I have said elsewhere that anyone other than a nursery-school teacher, or who is otherwise working with children, should be forbidden from using Comic Sans, on pain of death, or at least being forced to sit through my tapes of kittens being impaled on red-hot skewers. I have spoken. Harumph.
I feel sorry for Comic Sans MS. It’s a nice friendly font that is being exploited by people who should know better. We should get to the source of the problem and shoot all comic writers.
Hence the true meaning of “Comic sans“?
I have said elsewhere that anyone other than a nursery-school teacher, or who is otherwise working with children, should be forbidden from using Comic Sans, on pain of death, or at least being forced to sit through my tapes of kittens being impaled on red-hot skewers. I have spoken. Harumph.
Comic sans – sans eyes, sans hair, sans taste (_especially_ sans taste), sans teeth, sans almost everything. Yeah.
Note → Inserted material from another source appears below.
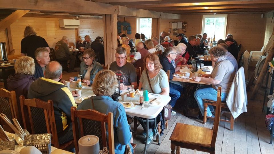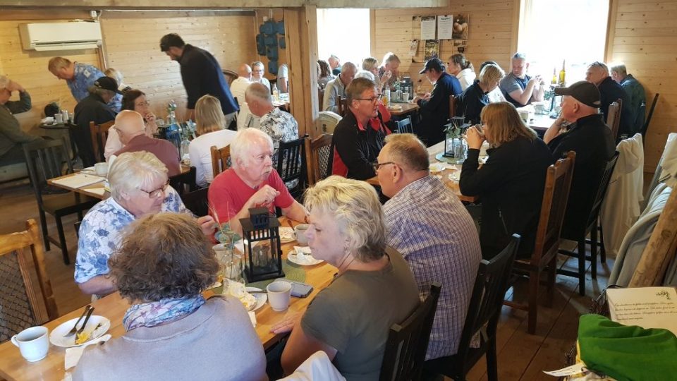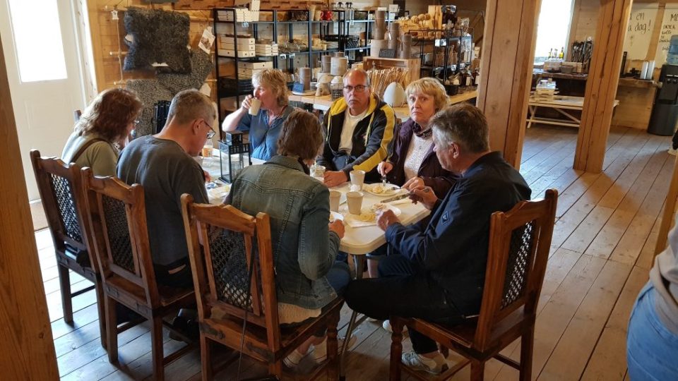Där serverades oss goda Räksmörgåsar och gobitar till kaffet. Där kunde man även passa på att handla många av deras fina egenproducerade produkter. Bl.a. deras ägg är välkända som mycket goda.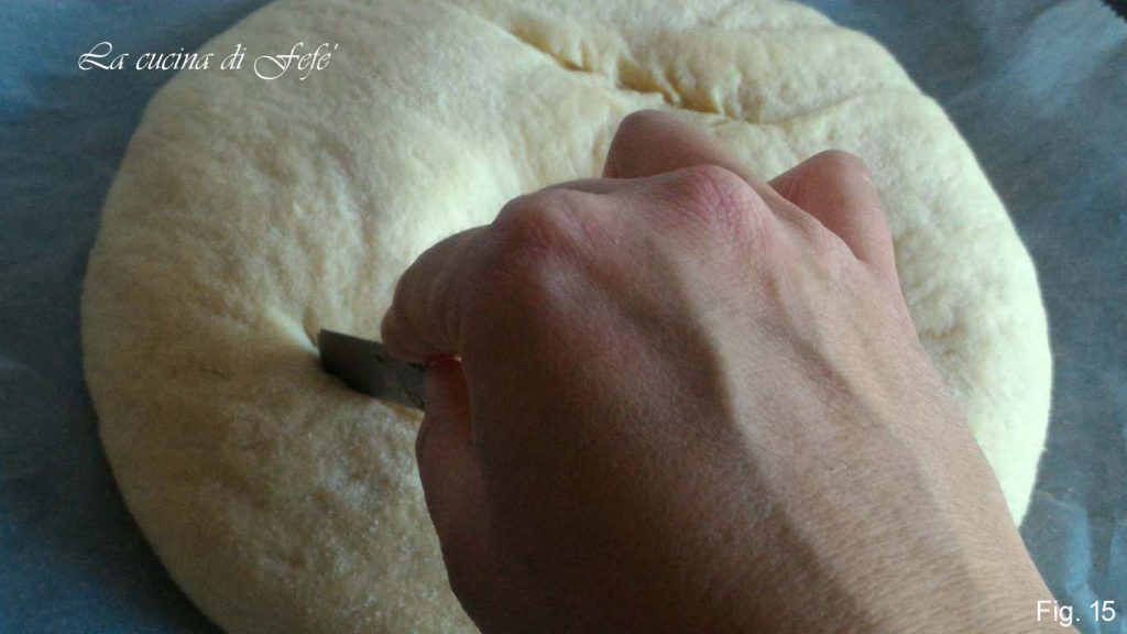 Laat het in een uitgeschakelde oven met het licht aan ongeveer 2/3 uur rijzen. Maak dan sneden in het oppervlak met een scherp mes of een scherp precisie mes voor brood (fig. 14).

Absolutely.
being forced to sit through my tapes of kittens being impaled on red-hot skewers
Some of us would pay to see that.
Well, Richard, for you it would have to be death. Or, at the very least, the Comfy Chair.
Bob, should I start to worry now?
PZ Myers uses Comic Sans to great effect when quoting creationist and other kooky websites. Does that count as fair use?
Well, Victor, I guess that depends on how you write your text for your next strip…
Yes – the kittens will want a kill fee.